A note on linking the Sony A7r III directly to Lightroom using WiFi

This is an addendum to the original post which I mentioned I might try to write as part of the Travelling with my iPad theme.

Well now I’ve tried it. The setup is reasonably straightforward and how to do that is shown in this video. The new Sony app – Imaging Edge Mobile must be installed on your mobile device (iPhone or iPad in my case); this replaces the earlier and rather strangely named Play Memories app – but the process of connection is the same. The app allows you to control the functions of your camera and take shots remotely (tethering) and they are then downloaded directly to your Camera Roll, from which you can apply a Shortcut (see below) which imports only a JPEG representation into Lightroom – but not a RAW image [Note: this was the case at the time of testing; this may have subsequently changed].
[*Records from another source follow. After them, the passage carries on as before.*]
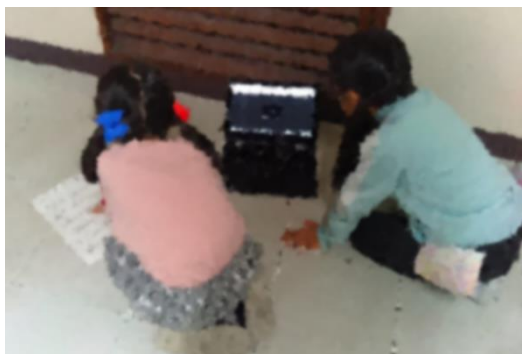
2年生 タブレットを使っでの学芸会練習
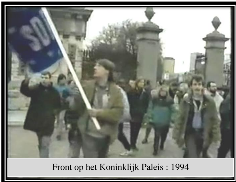
Front op het Koninklijk Paleis : 1994

De reden waarom de gemeentes meer en meer meewerkten en dat er bezoekers kwamen met voedsel en andere vormen van aanmoediging was de correcte manier waarop de cavalcades verliepen: orde, netheid, respect voor de personen.
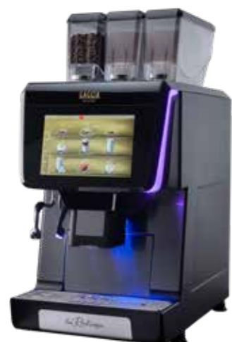
LA RADIOSA ES+2IN+EVOMILK
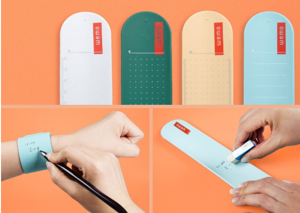
腕に書くより wemo にメモする！

Amazon におけるオンライン販売のほか、東急ハンズ、ヨドバシカメラ、ビックカメラでもお取り扱いがございませう。
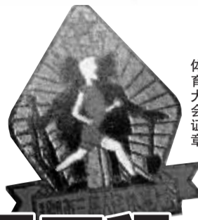
郑州市第三届人民体育大会奖章
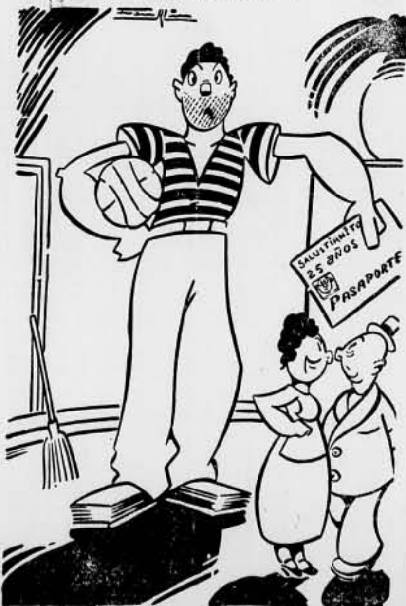
El: —¿Pero le han dado pasaporte al chico...?
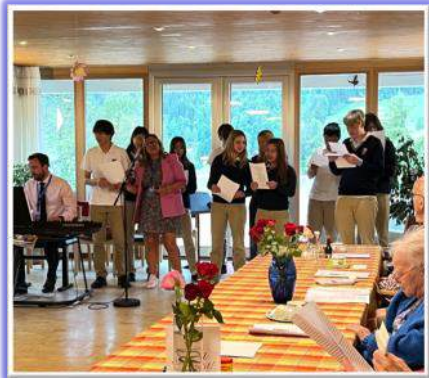
Concert de l'Aiglon Collège
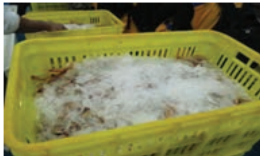
شکل ۸- نگهداری میگو در یخ
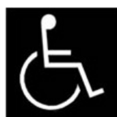
b) Branco sobre fundo preto
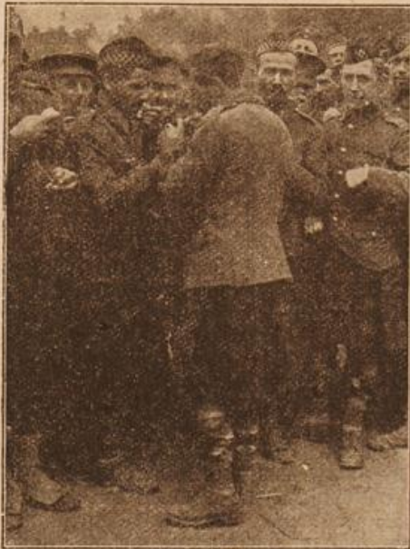
Englische Gefangene in Döberitz.

Schneekoppe bis zum Reifträger, sah alle die kühlen, grünen Gründe und Täler, hörte die Quellen murmeln und die Wälder rauschen, und kam nicht los aus dem Bann und dem Zauber der Heimat. Und wen, der in der Fremde — im „Clend“, wie unsere Vorfahren so bezeichnend sagten — weilen muß, dieser Zauber erst einmal hat, den läßt er nimmer los.
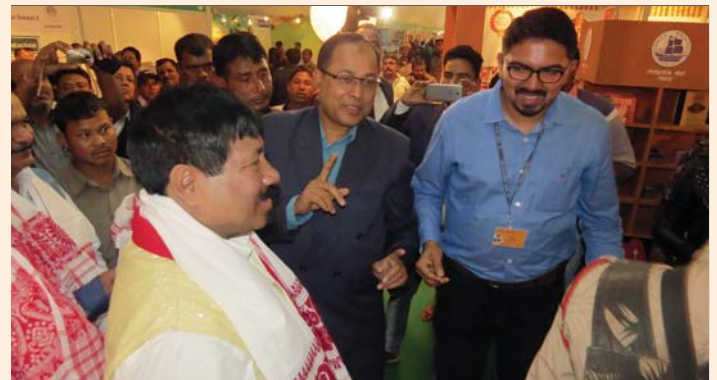
Shri Attul Bora, Minister of Agriculture, Horticulture and Food Processing, Animal Husbandry and Veterinary and Town & Country Planning, Govt. of Assam visiting Spices Board stall in the 4th Assam Int'l Agri Horti Show, 6-9 January, 2017 at Guwahati.
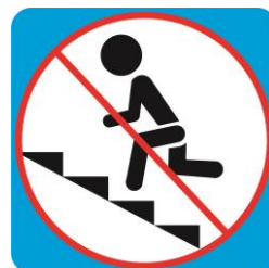
Бег на лестнице
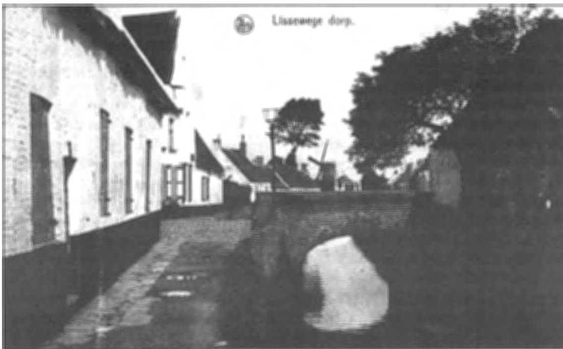
D 'Heule met Miel Smidtsmolen, waar vader en zoon een duik in het Reitje namen

gewoon een dunne houten scheidingswand. Zo hadden we drie plaatsen: een slaapkamer, een keukenwoonplaats en de winkel. In de winkel timmerde mijn vader zelfs een dis. 'Let wel! Die is maar provezoor,' zei mijn vader. Ce n'est que le provisoire qui dure. Die dis met zijn glazen plaat hield het vol tot 1948. Tot mijn moeder stierf.
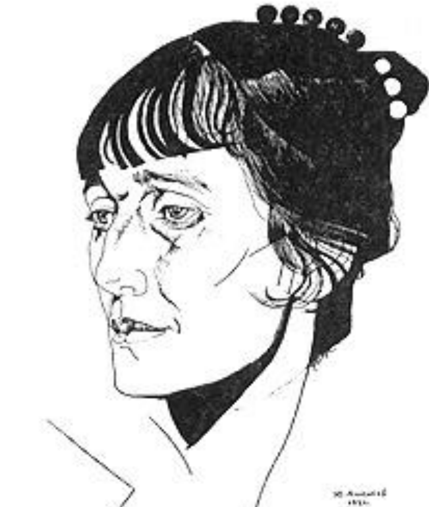
Анна Ахматова. Худ. Ю. Анненков, 1921 г.

Ахматова – жасминный куст, Обожженный асфальтом серым, Тропу утратила ль к пещерам, Где Данте шел и воздух густ И нимфа лен прядет хрустальный? Средь русских женщин Анной дальней Она, как облачко, сквозит Вечерней проседью раки!
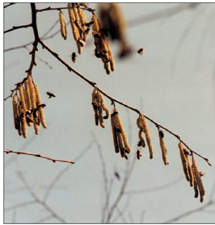
In vielen Gegenden blüht im Februar oft schon die Hasel und beschert den Bienen eine erste Pollentracht, die sie in schwefelgelben Höschen eintragen.

Doch eines erledige ich dennoch nach Möglichkeit sehr früh: das Einengen der Völker. Nicht besetzte Waben aus dem Randbereich der Dadantbeuten werden teilweise entfernt. Dabei ist auf die Gesamt-Futtermenge zu achten; Waben
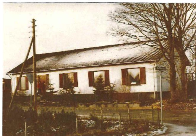
Gammelby Forsamlingshus, Gammelbyvej 35, foto fra 1980.

"Gennem flere år blev der mand og mand imellem talt en del om at bygge et forsamlingshus i Gammelby. Skytteforeningen nedsatte et udvalg til at tage sig af spørgsmålet, men det førte ikke til noget resultat. Ved et møde i Gammelby Skole nedsattes ligeledes et udvalg til at få sagen i gang, nævnte udvalget stillede den i bero – muligvis til bedre tider.

It has to be said the process from that point onwards –  to upload the file to Creative Cloud is painfully slow on the iPad, and sufficient to say I will not be using this as part of my Workflow. I will rely on my SD-Card to Lightning connector cable to import images onto the iPad, and not WiFi, as doing it this way there does not seem to be so much delay in the sync to Creative Cloud afterwards.

I might be doing something wrong, but as there is an easy and “trusted” way of doing the Import – a cable (but I did need to buy yet another cable adapter to make use of the higher speed USB-C port on the camera) – I’ll stick to that but will come back at a later date to see if things have changed any!

A note on using external drives with older Apple equipment (iPad Mini 4 and iPhone 6s)

With the arrival of my Apple Lightning to USB 3 Powered Camera Connection Kit I was keen to see what it could (or in this case could not) do. I fell foul of Power Requirements, I presume, for any of the External Drives that I tried to connect (even when the adapter was powered). I did however manage to connect the A7r III using its USB-C to USB 3 cable (see above) and also managed to connect my Card Reader, and Flash Drive to the iPad – so I’m in business for Exporting (and Importing) Images to (and from) External Storage.

I can only hope and assume that the iPad Pro will support external SSD devices should I go down that route.